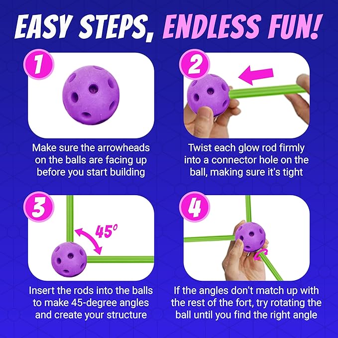 - BLANKET FORT KIT - Standard Fort Building kit includes 86 Purple Connecting spheres, 44 Green Building rods, a Drawstring Storage Backpack, a Hanging Tent Light (3 x AAA batteries not included), 2 Fort Blankets, 8 Blanket Clips, Manual with Fort Ideas. That’s a total of 142 pieces!
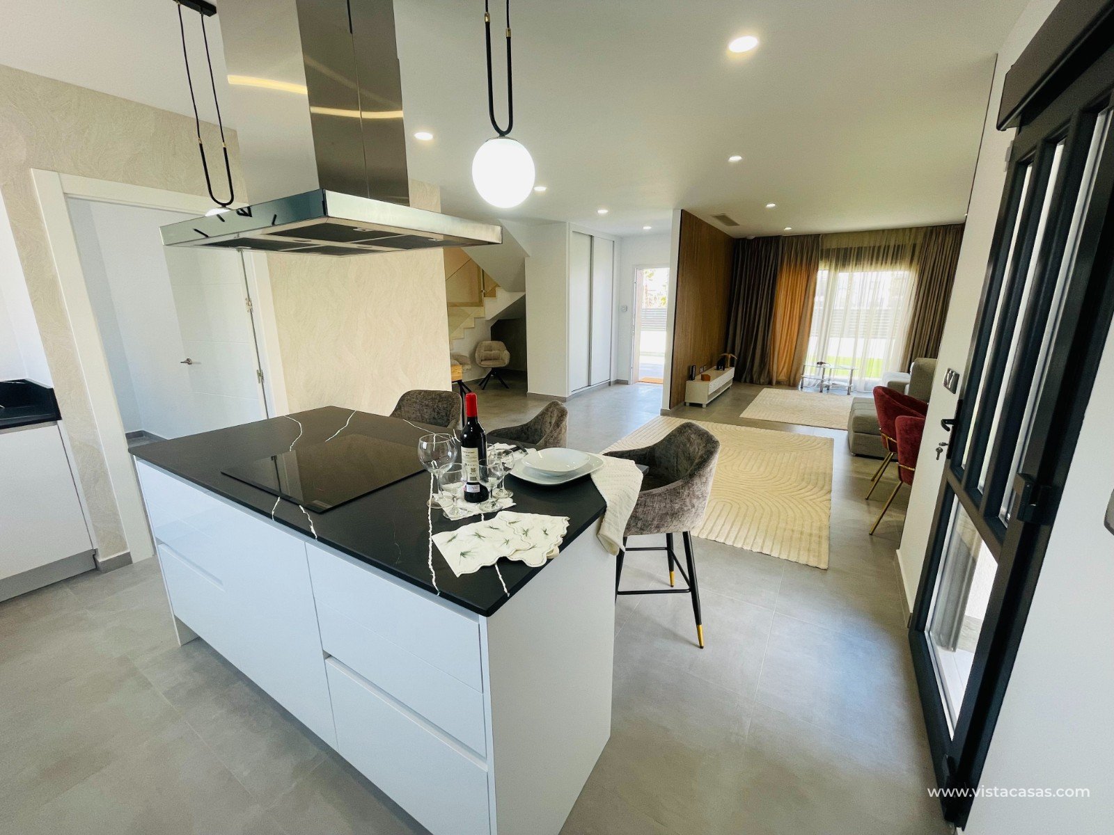 Het interieur blijft niet achter in termen van kwaliteit en design. De vloeren van porseleinen tegels voegen een moderne en elegante toets toe, terwijl het vloerverwarmingssysteem zorgt voor een warme sfeer tijdens de koudere maanden. Het huis is ook uitgerust met airconditioning, wat het hele jaar door maximaal comfort garandeert. De inbouwkasten bieden praktische en efficiënte opbergruimte, waardoor de ruimtes opgeruimd en georganiseerd blijven.
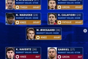 體育資訊11月23日訊 阿森納將在本輪英超焦點戰(zhàn)對陣熱刺,《轉(zhuǎn)會市場》統(tǒng)計顯示隊內(nèi)最多可能有8人無法出戰(zhàn)。
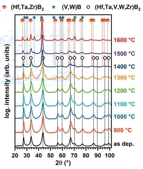 X-ray diffraction patterns of vacuum-annealed (HfTaVWZr)B2 at different temperatures. Figure reproduced with permission ref. [98]. Copyright 2020 Acta Materialia.
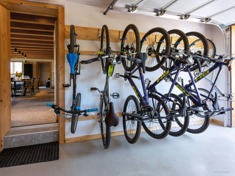 Vous trouverez enfin un local à skis et à bicyclettes. Le garage peut recevoir une voiture, et plusieurs autres prendront place sur les emplacements extérieurs.
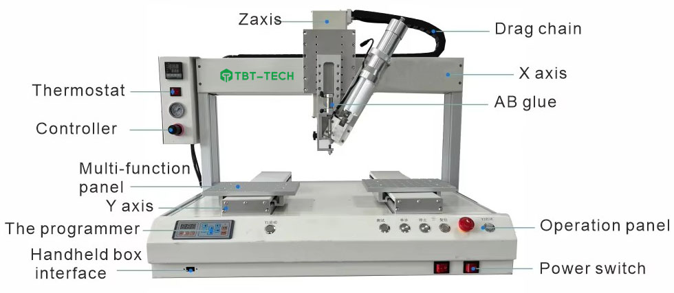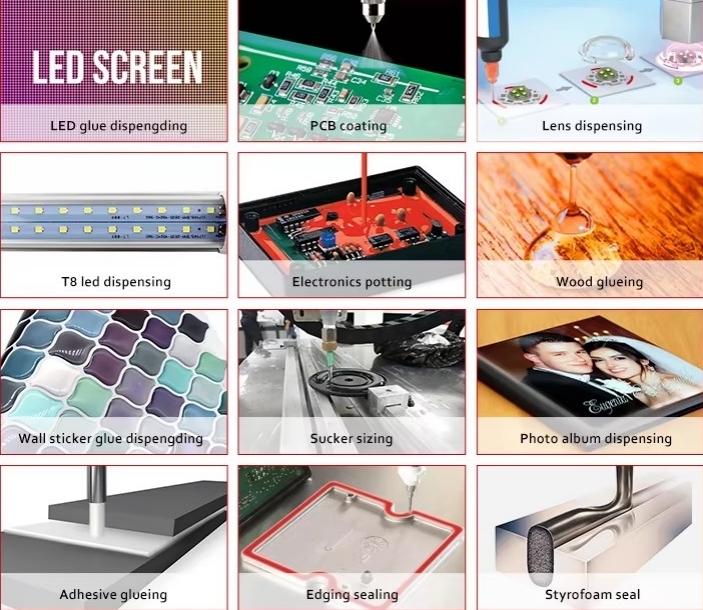 3. Semiconductor encapsulation, PCB part fixation and protection, LCD glass machine encapsulation and adhesion, mobile phone board, speaker assembly line, battery box, auto parts gelatinization, hardware component seal, quantitative liquid filling, chip binding, etc.
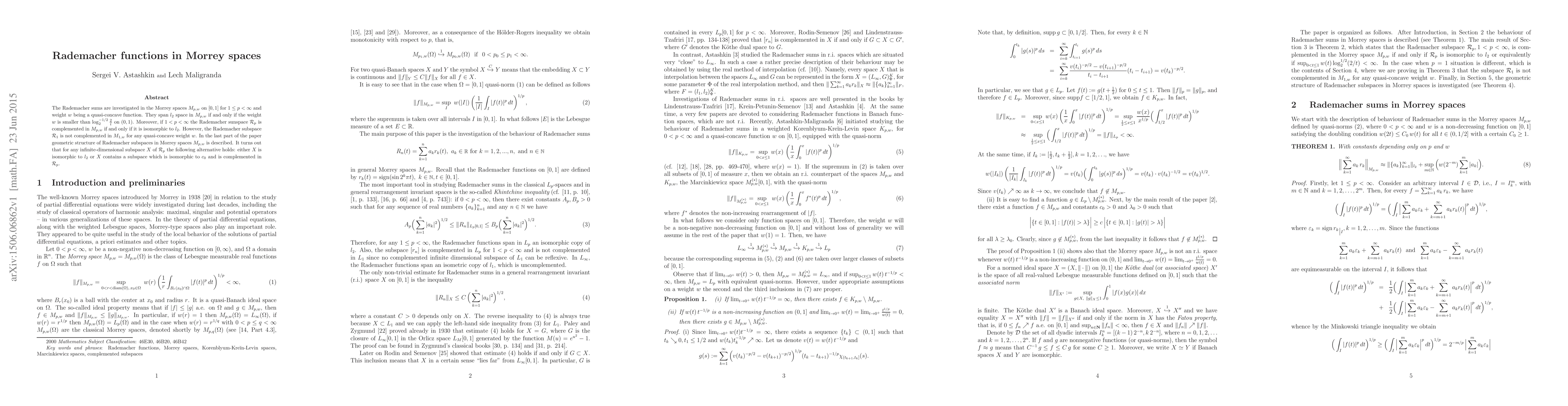 This paper explores the behavior of Rademacher functions in Morrey spaces M(p,w), showing they span l_2 space if the weight w is less than log_2^{-1/2}(2/t). It also reveals that the Rademacher subspace R_p is complemented in M(p,w) if 1 < p < ∞ and isomorphic to l_2, but not in M(1,w) for any quasi-concave weight w.

## REQUIRED WORK
Return the records word for word, leaving every picture out of the copy.

## YOUR RESPONSE
 - BLANKET FORT KIT - Standard Fort Building kit includes 86 Purple Connecting spheres, 44 Green Building rods, a Drawstring Storage Backpack, a Hanging Tent Light (3 x AAA batteries not included), 2 Fort Blankets, 8 Blanket Clips, Manual with Fort Ideas. That’s a total of 142 pieces!
 Het interieur blijft niet achter in termen van kwaliteit en design. De vloeren van porseleinen tegels voegen een moderne en elegante toets toe, terwijl het vloerverwarmingssysteem zorgt voor een warme sfeer tijdens de koudere maanden. Het huis is ook uitgerust met airconditioning, wat het hele jaar door maximaal comfort garandeert. De inbouwkasten bieden praktische en efficiënte opbergruimte, waardoor de ruimtes opgeruimd en georganiseerd blijven.
 體育資訊11月23日訊 阿森納將在本輪英超焦點戰(zhàn)對陣熱刺,《轉(zhuǎn)會市場》統(tǒng)計顯示隊內(nèi)最多可能有8人無法出戰(zhàn)。
 X-ray diffraction patterns of vacuum-annealed (HfTaVWZr)B2 at different temperatures. Figure reproduced with permission ref. [98]. Copyright 2020 Acta Materialia.
 Vous trouverez enfin un local à skis et à bicyclettes. Le garage peut recevoir une voiture, et plusieurs autres prendront place sur les emplacements extérieurs.
 3. Semiconductor encapsulation, PCB part fixation and protection, LCD glass machine encapsulation and adhesion, mobile phone board, speaker assembly line, battery box, auto parts gelatinization, hardware component seal, quantitative liquid filling, chip binding, etc.
 This paper explores the behavior of Rademacher functions in Morrey spaces M(p,w), showing they span l_2 space if the weight w is less than log_2^{-1/2}(2/t). It also reveals that the Rademacher subspace R_p is complemented in M(p,w) if 1 < p < ∞ and isomorphic to l_2, but not in M(1,w) for any quasi-concave weight w.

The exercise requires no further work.